Dirt evident on the white collar
WHY do rich business executives, such as Markus Jooste of Steinhoff, cut corners and cost societies billions in criminal acts of greed?
Speaking at the Gordon Institute of Business Science (Gibs) this month, Harvard Business School professor Eugene Soltes had some intriguing insights into a question no-one has been able to satisfactorily answer: why do the uber-rich take criminal shortcuts?
Soltes was the headline speaker on a panel discussing white-collar crime, including Imperial chief executive Mark Lamberti, Business Leadership SA head Bonang Mohale and advocate Kgomotso Moroka, assembled by ENSafrica chairman Michael Katz.
But if Soltes, author of Why They Do It: Inside the Mind of the White-Collar Criminal, thought it was going to be a run-of-the-mill academic gabfest, he’d underestimated the white-hot fury about Steinhoff, Trillian, McKinsey, KPMG and state capture in South Africa.
A decade ago, while finishing his MBA, Soltes began writing to incarcerated executives, like Bernie Madoff and Jeff Skilling, to find out what made them tick.

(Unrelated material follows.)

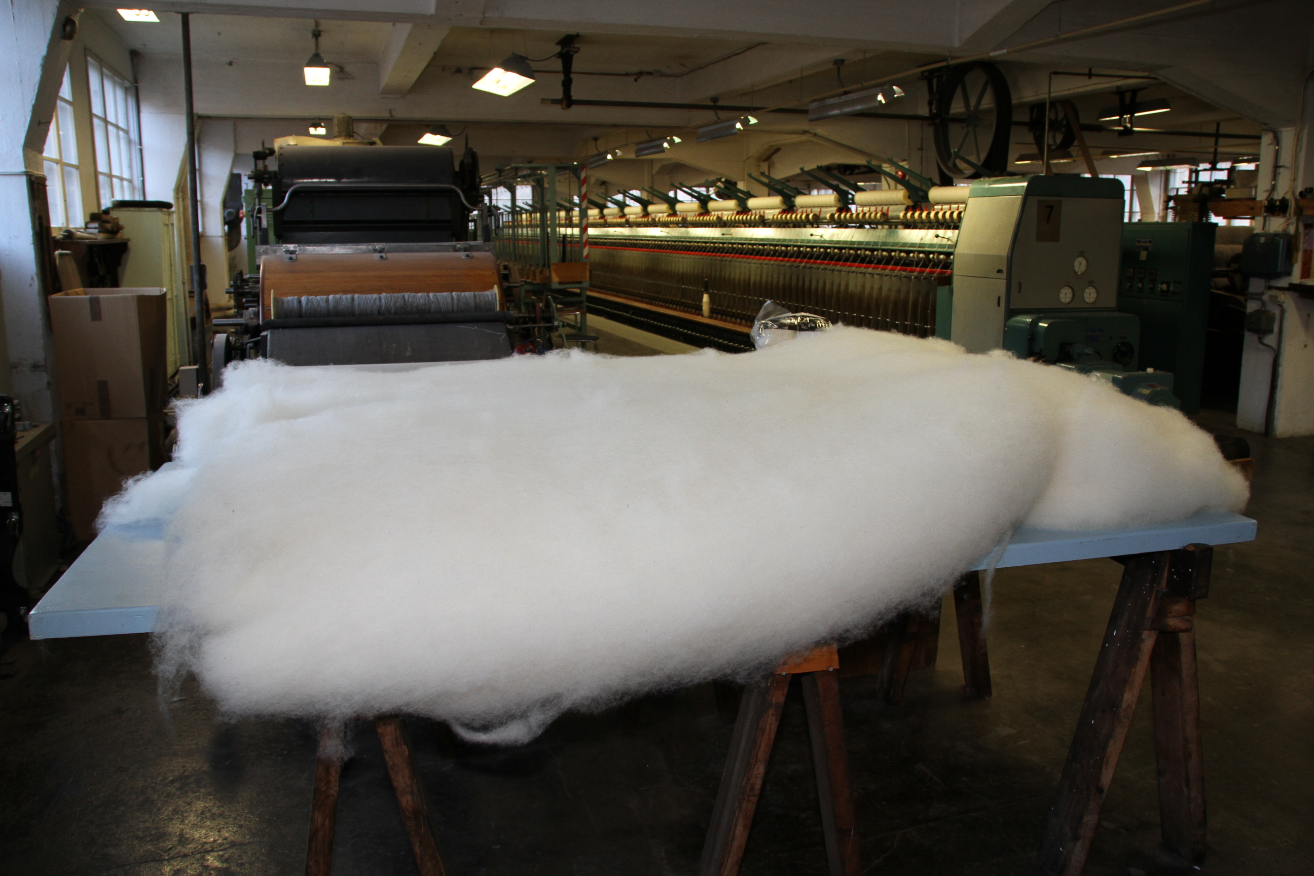 Combed wool ready to be further processed in the spinnery department of Sjøllingstad Woolen Factory, a living textile museum near Mandal, Norway.

The letters he got back were compelling, providing the sort of insights that will be invaluable in understanding the “mistakes” made by Jooste.
Speaking at Gibs, Soltes said many of the traditional explanations – greed, or the view that there’s a sophisticated cost-benefit analysis going on in the chief executive’s mind – proved frustratingly inadequate.

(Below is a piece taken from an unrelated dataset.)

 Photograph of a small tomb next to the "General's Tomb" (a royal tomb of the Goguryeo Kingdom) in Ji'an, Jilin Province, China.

“What I saw was not a failure of reasoning but a failure of intuition. That is, they didn’t see the harm associated with their actions at the time,” he said.
“If you’re surrounded by people at a top company who all have a great background, you simply don’t think you’re the kind of person who is going to be sent to prison.

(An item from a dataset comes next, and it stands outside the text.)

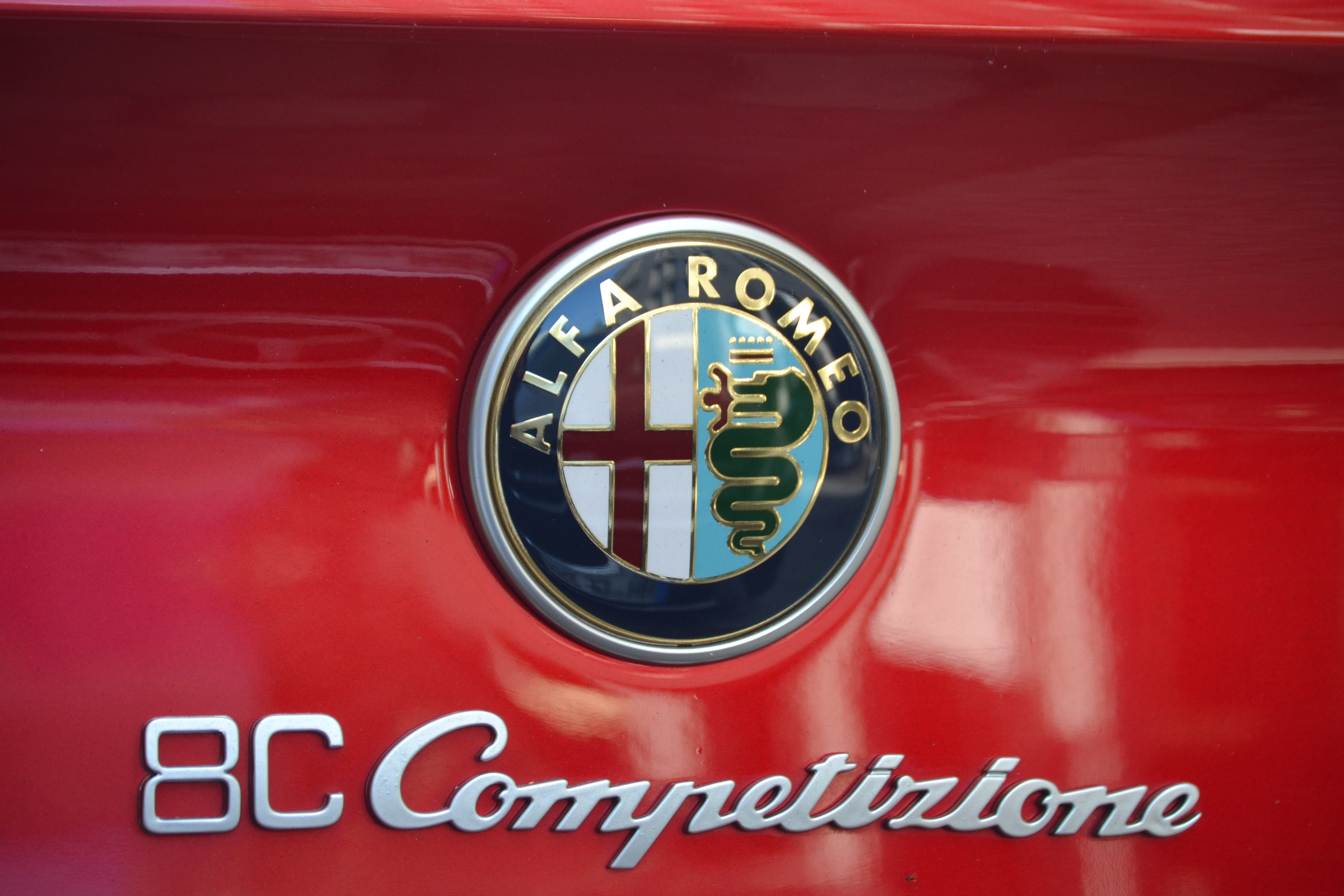 Alfa Romeo 8C Competizione, Detail

“You don’t see yourself as a criminal.”
But if this was the sort of cognitive dissonance rife in the Steinhoff boardroom, the interplay with the wider political environment under former president Jacob Zuma only emboldened morally flexible executives.
As Katz put it: “People come to consult me on corporate issues, and I’ll say that, for example, something is a breach of the Companies Act, or a breach of the listings requirements of the JSE.
“And senior CEOs will say: ‘Michael, what are you talking about a listings requirement for – look what’s happening in the country.’ ”
Mohale said: “When we were in the throes of state capture, and R100-billion was being siphoned off per year over a 10-year project . . . tax morality declined. CEOs were saying: ‘I cannot pay my 28% [in tax] to be given to the Gupta brothers to buy another jet, or buy another property in Dubai.’ ”
But someone in the audience suggested that the deeper question was what institutional frailty enabled the Steinhoff debacle: “Why did you have so many people sitting around a table who were so smart, seasoned businessmen, who couldn’t ask questions, who didn’t ask questions?”
After all, South Africa has a history of white-collar scams going back decades, including Masterbond and LeisureNet.
So it’s not off the mark to say we need to examine why so many of our boards are ineffectual, driven by rules and not ethics.
Lamberti said some chief executives bent the rules so they could chase growth in share prices, implying our executive remuneration structures had to be overhauled to prioritise sustainable long-term growth.
“Relatively small decisions can have a big impact on the bottom line, that can lead to incredible arrogance. It leads to people thinking: ‘It’s my company, I can do what I like, I can behave how I like,’ ” he said.
This was the case with Sam Waksal, a biotech billionaire convicted of insider trading in the early 2000s in the US.
Discussing his conviction, Waksal said: “I could sit there . . . thinking I was the most honest CEO that ever lived.
“And at the same time, I could glibly do something and rationalise it [when] I cut a corner, because I didn’t think I was going to get caught.” Today, in the dewy-eyed honeymoon of Cyril Ramaphosa’s presidency, we see the Hawks belatedly swarming around the Gupta mansion and the NPA belatedly charging Zuma for corruption, and we’d like to believe that crime, again, doesn’t pay.
But the word from inside the Hawks’ investigation into Steinhoff isn’t encouraging.
The complex shenanigans reported to the Hawks by Steinhoff audit committee chairman Steve Booysen are apparently an almost-unsolvable riddle to a prosecutions service utterly denuded of commercial skills.
It’s all very well finally having the political will to do the right thing, but without the skills, it’s never going to happen.